* PROBLEM TO SOLVE
From the first line to the last, give the material again exactly, without the images.

* GIVEN INFORMATION
= = = =

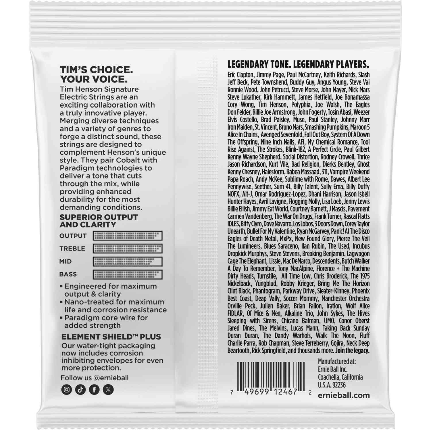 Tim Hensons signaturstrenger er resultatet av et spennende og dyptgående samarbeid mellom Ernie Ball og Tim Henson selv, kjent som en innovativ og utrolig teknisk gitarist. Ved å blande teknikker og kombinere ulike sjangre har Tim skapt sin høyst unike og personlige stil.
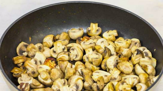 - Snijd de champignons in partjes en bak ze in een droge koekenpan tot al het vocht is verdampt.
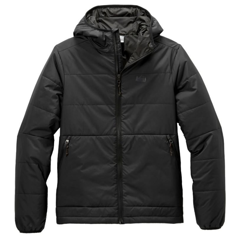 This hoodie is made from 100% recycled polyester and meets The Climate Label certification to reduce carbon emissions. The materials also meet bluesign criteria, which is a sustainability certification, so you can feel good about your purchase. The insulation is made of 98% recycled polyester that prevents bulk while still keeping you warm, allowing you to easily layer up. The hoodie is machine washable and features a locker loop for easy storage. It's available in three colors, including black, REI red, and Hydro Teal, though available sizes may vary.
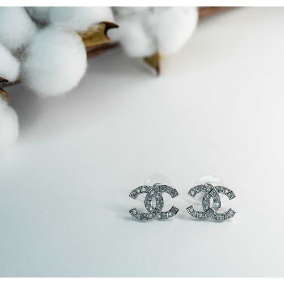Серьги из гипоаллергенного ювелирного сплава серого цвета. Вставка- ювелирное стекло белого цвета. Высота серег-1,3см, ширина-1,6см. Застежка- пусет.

= = = =

* RESULT OF THE EXERCISE
 Tim Hensons signaturstrenger er resultatet av et spennende og dyptgående samarbeid mellom Ernie Ball og Tim Henson selv, kjent som en innovativ og utrolig teknisk gitarist. Ved å blande teknikker og kombinere ulike sjangre har Tim skapt sin høyst unike og personlige stil.
 - Snijd de champignons in partjes en bak ze in een droge koekenpan tot al het vocht is verdampt.
 This hoodie is made from 100% recycled polyester and meets The Climate Label certification to reduce carbon emissions. The materials also meet bluesign criteria, which is a sustainability certification, so you can feel good about your purchase. The insulation is made of 98% recycled polyester that prevents bulk while still keeping you warm, allowing you to easily layer up. The hoodie is machine washable and features a locker loop for easy storage. It's available in three colors, including black, REI red, and Hydro Teal, though available sizes may vary.
Серьги из гипоаллергенного ювелирного сплава серого цвета. Вставка- ювелирное стекло белого цвета. Высота серег-1,3см, ширина-1,6см. Застежка- пусет.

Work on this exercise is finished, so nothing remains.